**YOUR TASK:**
Among the entries below, one line contains "- Die parfümfreie" and another contains "Pheasant Feather Bow". Transcribe those two lines and every line between them, exactly.

**EXERCISE MATERIALS:**

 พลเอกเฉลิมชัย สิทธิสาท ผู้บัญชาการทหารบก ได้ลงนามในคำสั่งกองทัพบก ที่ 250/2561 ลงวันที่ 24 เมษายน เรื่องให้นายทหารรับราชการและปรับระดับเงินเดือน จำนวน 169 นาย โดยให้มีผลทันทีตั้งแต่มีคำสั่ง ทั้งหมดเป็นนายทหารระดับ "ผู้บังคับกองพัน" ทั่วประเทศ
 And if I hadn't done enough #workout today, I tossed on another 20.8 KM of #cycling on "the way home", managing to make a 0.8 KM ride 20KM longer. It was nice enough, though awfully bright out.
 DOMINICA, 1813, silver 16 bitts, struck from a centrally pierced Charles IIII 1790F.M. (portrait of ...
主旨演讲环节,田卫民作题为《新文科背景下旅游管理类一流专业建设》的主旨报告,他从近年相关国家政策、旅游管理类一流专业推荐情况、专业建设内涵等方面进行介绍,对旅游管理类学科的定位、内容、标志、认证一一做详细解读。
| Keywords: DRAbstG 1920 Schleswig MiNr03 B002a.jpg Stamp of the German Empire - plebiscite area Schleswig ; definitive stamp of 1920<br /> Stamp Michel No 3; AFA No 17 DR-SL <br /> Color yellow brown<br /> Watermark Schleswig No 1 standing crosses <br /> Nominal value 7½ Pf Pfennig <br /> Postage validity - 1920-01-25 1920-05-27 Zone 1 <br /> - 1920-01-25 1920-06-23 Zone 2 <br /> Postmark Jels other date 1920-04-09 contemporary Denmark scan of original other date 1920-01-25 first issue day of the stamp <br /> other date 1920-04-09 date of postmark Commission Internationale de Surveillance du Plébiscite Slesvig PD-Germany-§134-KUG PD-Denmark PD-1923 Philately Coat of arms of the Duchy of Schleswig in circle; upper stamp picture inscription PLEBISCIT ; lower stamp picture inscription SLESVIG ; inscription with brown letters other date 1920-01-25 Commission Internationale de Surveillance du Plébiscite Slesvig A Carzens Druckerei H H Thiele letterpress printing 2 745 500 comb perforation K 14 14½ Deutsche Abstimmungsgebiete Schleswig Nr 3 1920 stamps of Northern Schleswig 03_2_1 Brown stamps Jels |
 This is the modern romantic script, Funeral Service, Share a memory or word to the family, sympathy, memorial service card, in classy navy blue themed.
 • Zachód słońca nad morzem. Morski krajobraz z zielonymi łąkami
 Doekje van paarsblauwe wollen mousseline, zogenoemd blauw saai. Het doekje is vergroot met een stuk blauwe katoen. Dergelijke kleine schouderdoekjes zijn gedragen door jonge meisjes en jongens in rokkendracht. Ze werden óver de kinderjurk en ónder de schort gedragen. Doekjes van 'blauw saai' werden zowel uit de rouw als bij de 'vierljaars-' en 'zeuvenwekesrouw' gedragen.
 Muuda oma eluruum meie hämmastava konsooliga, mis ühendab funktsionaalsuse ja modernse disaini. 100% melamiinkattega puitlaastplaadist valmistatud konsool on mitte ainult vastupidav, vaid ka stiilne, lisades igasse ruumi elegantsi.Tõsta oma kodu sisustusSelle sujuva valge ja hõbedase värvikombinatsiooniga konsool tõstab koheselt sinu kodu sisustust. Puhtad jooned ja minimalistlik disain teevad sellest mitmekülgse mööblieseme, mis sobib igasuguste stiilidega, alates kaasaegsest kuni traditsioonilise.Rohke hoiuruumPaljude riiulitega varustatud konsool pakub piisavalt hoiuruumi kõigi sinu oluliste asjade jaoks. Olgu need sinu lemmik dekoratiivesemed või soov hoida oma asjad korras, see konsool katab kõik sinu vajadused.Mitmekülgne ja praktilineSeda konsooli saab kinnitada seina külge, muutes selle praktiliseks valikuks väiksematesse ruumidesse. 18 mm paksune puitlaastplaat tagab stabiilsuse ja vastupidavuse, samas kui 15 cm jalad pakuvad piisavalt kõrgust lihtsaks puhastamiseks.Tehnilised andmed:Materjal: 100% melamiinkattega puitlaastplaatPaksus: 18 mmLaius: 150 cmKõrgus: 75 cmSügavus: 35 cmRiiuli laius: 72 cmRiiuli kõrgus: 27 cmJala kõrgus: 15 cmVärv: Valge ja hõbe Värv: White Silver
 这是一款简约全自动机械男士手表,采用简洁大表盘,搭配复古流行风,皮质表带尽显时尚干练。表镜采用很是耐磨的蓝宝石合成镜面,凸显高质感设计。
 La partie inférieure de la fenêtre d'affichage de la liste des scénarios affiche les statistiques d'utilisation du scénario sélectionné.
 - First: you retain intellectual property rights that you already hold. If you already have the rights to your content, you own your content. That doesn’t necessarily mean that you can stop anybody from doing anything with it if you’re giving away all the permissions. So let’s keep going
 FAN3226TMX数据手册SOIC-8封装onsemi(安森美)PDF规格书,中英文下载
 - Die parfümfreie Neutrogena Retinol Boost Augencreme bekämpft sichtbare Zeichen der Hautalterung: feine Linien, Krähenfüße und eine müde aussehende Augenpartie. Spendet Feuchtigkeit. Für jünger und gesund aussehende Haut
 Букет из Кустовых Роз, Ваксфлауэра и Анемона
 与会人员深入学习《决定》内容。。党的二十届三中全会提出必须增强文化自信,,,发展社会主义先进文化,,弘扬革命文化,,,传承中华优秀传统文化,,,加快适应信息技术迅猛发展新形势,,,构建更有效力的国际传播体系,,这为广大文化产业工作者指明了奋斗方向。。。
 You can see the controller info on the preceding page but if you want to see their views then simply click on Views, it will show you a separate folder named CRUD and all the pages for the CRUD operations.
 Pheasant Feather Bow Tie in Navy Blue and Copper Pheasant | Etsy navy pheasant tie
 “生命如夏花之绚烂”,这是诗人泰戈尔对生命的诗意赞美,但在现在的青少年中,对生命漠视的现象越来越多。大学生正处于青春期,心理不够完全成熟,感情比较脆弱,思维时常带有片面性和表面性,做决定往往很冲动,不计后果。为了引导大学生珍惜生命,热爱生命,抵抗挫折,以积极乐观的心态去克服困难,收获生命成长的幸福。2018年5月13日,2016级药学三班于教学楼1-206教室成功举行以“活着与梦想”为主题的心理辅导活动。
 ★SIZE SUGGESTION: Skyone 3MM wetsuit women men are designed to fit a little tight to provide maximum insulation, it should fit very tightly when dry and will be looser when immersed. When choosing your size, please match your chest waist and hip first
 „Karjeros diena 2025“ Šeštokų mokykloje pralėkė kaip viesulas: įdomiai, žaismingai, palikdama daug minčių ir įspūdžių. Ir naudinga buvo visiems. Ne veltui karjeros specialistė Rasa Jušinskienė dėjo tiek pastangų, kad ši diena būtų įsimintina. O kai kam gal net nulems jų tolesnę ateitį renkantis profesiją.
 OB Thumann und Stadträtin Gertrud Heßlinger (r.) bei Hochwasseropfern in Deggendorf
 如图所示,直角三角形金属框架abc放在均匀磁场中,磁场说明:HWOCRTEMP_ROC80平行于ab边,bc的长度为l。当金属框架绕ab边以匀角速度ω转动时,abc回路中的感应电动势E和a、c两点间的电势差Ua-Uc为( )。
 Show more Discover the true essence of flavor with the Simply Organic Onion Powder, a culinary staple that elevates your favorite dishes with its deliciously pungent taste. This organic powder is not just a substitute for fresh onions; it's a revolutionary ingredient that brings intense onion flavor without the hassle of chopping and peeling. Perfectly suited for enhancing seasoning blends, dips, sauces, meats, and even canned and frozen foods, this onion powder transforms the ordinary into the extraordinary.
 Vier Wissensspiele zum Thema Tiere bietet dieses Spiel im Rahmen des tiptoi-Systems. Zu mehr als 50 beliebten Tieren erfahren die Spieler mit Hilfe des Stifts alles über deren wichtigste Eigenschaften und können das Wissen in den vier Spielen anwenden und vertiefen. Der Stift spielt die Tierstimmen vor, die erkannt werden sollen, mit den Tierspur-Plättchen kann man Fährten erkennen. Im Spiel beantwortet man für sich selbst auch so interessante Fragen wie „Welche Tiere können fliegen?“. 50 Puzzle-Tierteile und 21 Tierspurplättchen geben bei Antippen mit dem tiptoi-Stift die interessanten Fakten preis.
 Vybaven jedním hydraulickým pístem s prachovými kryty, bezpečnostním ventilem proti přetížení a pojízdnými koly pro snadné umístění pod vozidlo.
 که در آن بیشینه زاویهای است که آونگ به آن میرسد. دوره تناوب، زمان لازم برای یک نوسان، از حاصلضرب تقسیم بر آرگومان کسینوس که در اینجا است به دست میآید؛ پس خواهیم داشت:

**REPLY:**
 - Die parfümfreie Neutrogena Retinol Boost Augencreme bekämpft sichtbare Zeichen der Hautalterung: feine Linien, Krähenfüße und eine müde aussehende Augenpartie. Spendet Feuchtigkeit. Für jünger und gesund aussehende Haut
 Букет из Кустовых Роз, Ваксфлауэра и Анемона
 与会人员深入学习《决定》内容。。党的二十届三中全会提出必须增强文化自信,,,发展社会主义先进文化,,弘扬革命文化,,,传承中华优秀传统文化,,,加快适应信息技术迅猛发展新形势,,,构建更有效力的国际传播体系,,这为广大文化产业工作者指明了奋斗方向。。。
 You can see the controller info on the preceding page but if you want to see their views then simply click on Views, it will show you a separate folder named CRUD and all the pages for the CRUD operations.
 Pheasant Feather Bow Tie in Navy Blue and Copper Pheasant | Etsy navy pheasant tie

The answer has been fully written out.